● **Provided information**

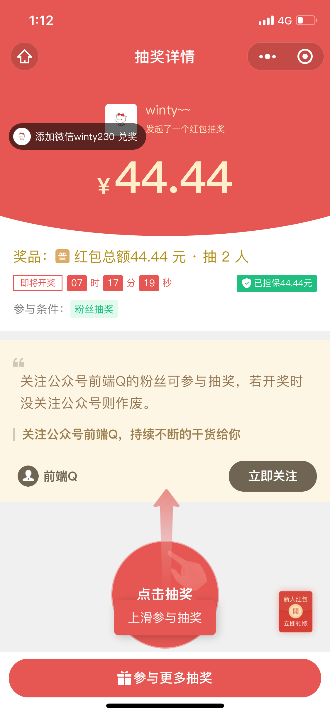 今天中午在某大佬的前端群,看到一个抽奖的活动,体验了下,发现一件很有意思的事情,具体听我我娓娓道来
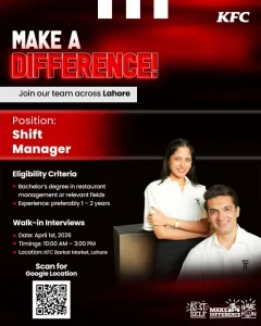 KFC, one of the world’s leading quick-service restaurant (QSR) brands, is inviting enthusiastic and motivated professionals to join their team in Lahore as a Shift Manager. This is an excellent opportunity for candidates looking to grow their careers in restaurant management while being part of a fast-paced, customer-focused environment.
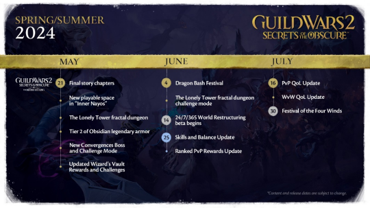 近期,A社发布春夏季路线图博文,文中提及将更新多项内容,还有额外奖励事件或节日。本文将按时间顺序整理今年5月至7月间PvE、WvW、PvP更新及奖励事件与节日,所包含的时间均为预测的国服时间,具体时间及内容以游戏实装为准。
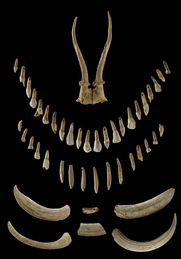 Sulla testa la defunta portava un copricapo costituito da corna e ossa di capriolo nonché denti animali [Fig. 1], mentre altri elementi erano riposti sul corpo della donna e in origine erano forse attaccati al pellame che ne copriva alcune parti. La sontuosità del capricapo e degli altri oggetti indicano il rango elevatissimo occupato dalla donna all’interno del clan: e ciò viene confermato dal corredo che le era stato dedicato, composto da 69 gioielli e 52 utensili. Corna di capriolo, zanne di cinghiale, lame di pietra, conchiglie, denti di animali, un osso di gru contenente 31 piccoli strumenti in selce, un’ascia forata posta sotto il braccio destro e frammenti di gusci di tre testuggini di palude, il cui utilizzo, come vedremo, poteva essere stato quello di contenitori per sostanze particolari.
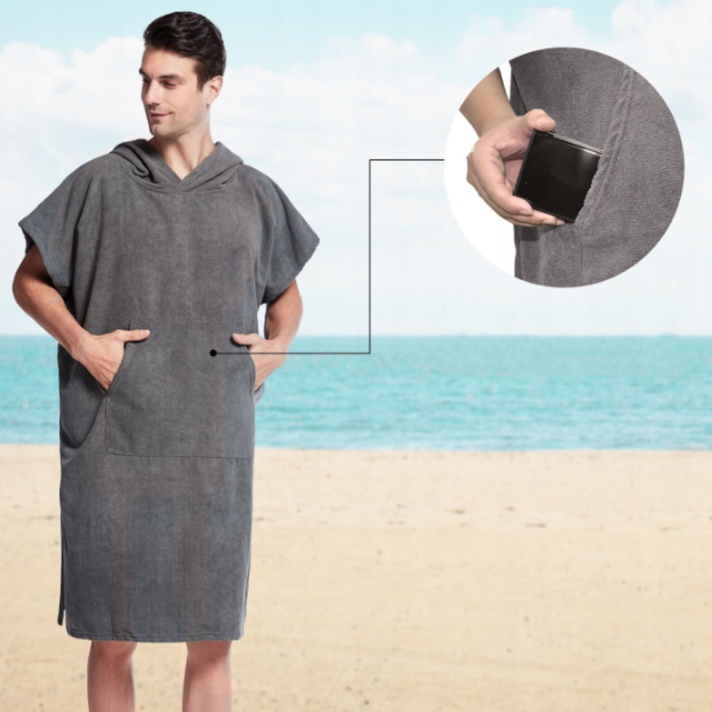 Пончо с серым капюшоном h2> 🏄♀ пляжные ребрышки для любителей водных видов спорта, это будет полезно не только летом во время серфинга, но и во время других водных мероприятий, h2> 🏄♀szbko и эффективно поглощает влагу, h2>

==

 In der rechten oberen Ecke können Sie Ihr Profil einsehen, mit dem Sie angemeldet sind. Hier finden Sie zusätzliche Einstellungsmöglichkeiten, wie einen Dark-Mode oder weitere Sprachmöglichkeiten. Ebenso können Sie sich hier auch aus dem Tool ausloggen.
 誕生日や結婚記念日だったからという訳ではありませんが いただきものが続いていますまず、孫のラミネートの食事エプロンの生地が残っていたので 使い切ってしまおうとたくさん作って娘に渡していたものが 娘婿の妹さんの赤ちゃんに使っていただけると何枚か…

--

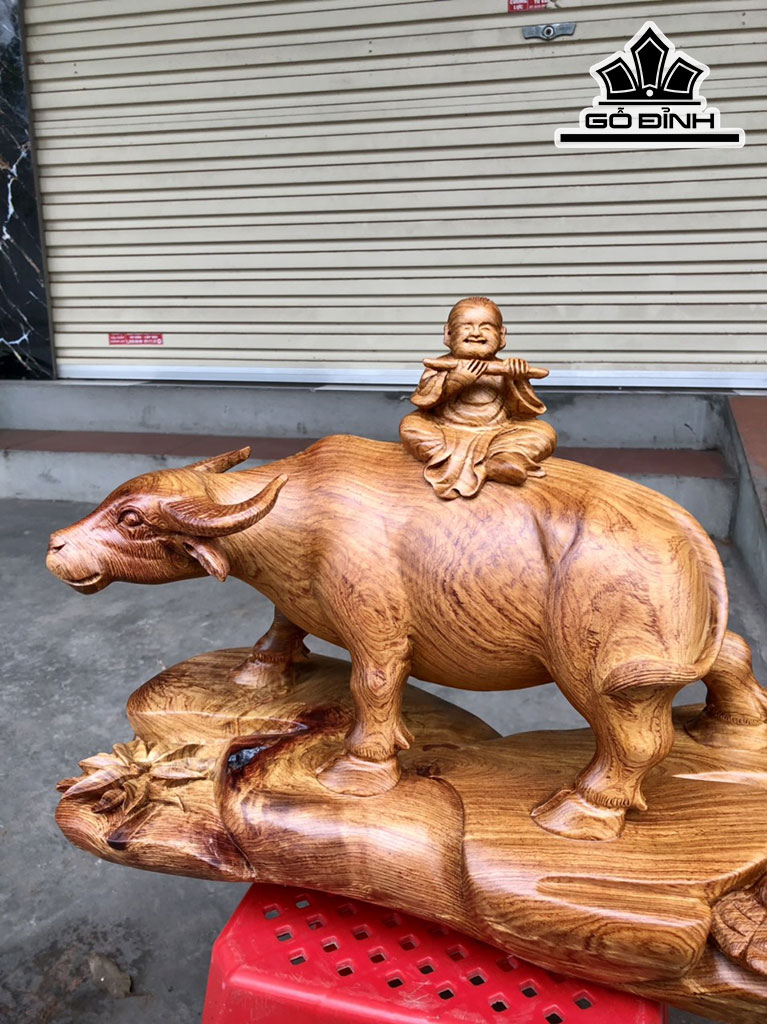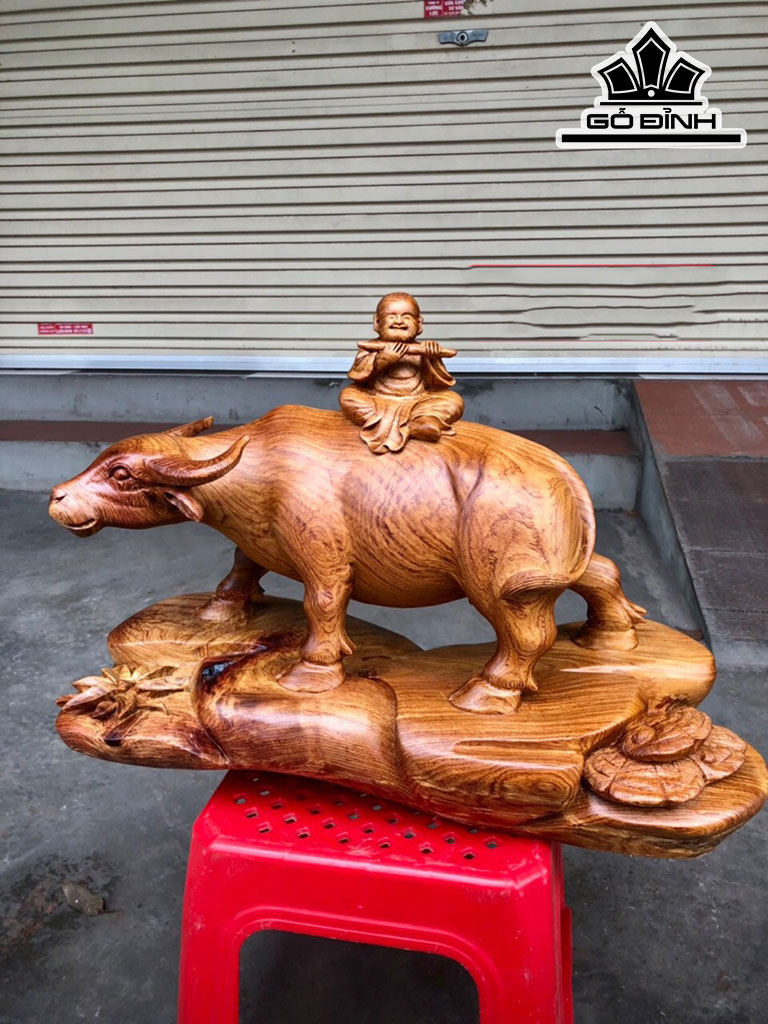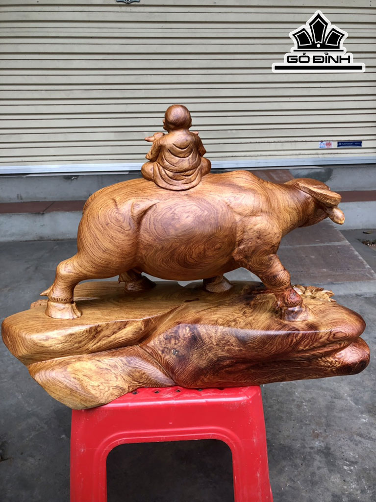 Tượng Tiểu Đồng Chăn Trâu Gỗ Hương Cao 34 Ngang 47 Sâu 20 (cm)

● **What the task asks**
Pictures excluded, give again exactly and only the lines of the material above from the line with "今天中午在某大佬的前端群,看" through the line with "Sulla testa la".

● **The completed task**
 今天中午在某大佬的前端群,看到一个抽奖的活动,体验了下,发现一件很有意思的事情,具体听我我娓娓道来
 KFC, one of the world’s leading quick-service restaurant (QSR) brands, is inviting enthusiastic and motivated professionals to join their team in Lahore as a Shift Manager. This is an excellent opportunity for candidates looking to grow their careers in restaurant management while being part of a fast-paced, customer-focused environment.
 近期,A社发布春夏季路线图博文,文中提及将更新多项内容,还有额外奖励事件或节日。本文将按时间顺序整理今年5月至7月间PvE、WvW、PvP更新及奖励事件与节日,所包含的时间均为预测的国服时间,具体时间及内容以游戏实装为准。
 Sulla testa la defunta portava un copricapo costituito da corna e ossa di capriolo nonché denti animali [Fig. 1], mentre altri elementi erano riposti sul corpo della donna e in origine erano forse attaccati al pellame che ne copriva alcune parti. La sontuosità del capricapo e degli altri oggetti indicano il rango elevatissimo occupato dalla donna all’interno del clan: e ciò viene confermato dal corredo che le era stato dedicato, composto da 69 gioielli e 52 utensili. Corna di capriolo, zanne di cinghiale, lame di pietra, conchiglie, denti di animali, un osso di gru contenente 31 piccoli strumenti in selce, un’ascia forata posta sotto il braccio destro e frammenti di gusci di tre testuggini di palude, il cui utilizzo, come vedremo, poteva essere stato quello di contenitori per sostanze particolari.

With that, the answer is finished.